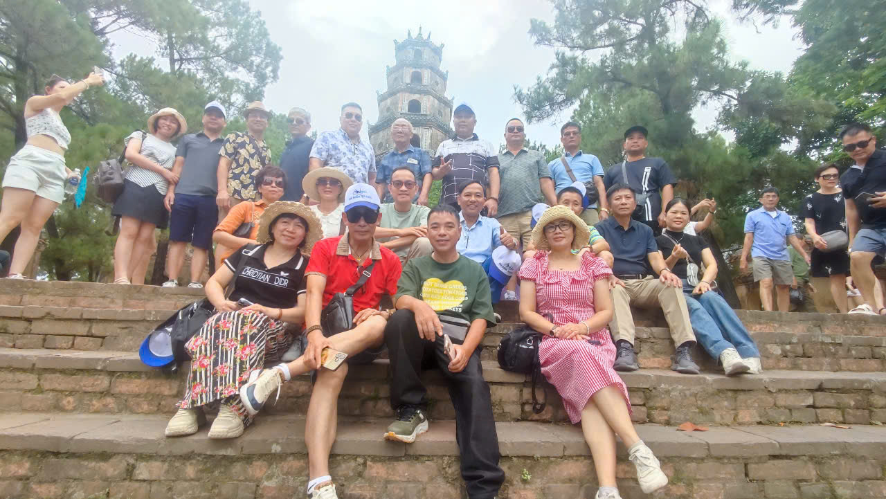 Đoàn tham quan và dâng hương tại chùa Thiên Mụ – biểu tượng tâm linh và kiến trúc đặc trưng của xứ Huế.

--

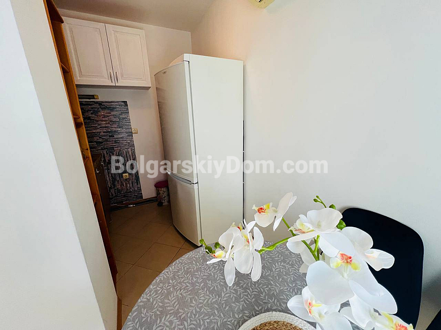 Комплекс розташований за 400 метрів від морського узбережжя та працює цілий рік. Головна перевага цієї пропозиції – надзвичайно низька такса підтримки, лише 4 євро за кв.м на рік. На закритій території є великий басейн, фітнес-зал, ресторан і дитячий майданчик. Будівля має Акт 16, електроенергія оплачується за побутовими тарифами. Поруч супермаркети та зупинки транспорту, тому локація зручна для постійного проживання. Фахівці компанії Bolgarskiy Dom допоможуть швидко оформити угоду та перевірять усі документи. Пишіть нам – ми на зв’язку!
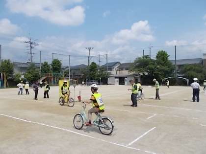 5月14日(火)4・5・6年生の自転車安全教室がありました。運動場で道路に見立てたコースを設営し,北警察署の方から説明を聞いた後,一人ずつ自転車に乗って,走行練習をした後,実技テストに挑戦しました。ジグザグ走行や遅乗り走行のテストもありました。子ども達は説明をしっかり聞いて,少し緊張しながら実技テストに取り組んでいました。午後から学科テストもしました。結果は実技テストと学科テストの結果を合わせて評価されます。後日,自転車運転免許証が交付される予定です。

* **Task prompt**
Output only the lines above from the one containing "Комплекс розташований за" to the one containing "5月14日(火)4・5・6年", both included, exactly as written and with no pictures.

* **Answer area**
 Комплекс розташований за 400 метрів від морського узбережжя та працює цілий рік. Головна перевага цієї пропозиції – надзвичайно низька такса підтримки, лише 4 євро за кв.м на рік. На закритій території є великий басейн, фітнес-зал, ресторан і дитячий майданчик. Будівля має Акт 16, електроенергія оплачується за побутовими тарифами. Поруч супермаркети та зупинки транспорту, тому локація зручна для постійного проживання. Фахівці компанії Bolgarskiy Dom допоможуть швидко оформити угоду та перевірять усі документи. Пишіть нам – ми на зв’язку!
 5月14日(火)4・5・6年生の自転車安全教室がありました。運動場で道路に見立てたコースを設営し,北警察署の方から説明を聞いた後,一人ずつ自転車に乗って,走行練習をした後,実技テストに挑戦しました。ジグザグ走行や遅乗り走行のテストもありました。子ども達は説明をしっかり聞いて,少し緊張しながら実技テストに取り組んでいました。午後から学科テストもしました。結果は実技テストと学科テストの結果を合わせて評価されます。後日,自転車運転免許証が交付される予定です。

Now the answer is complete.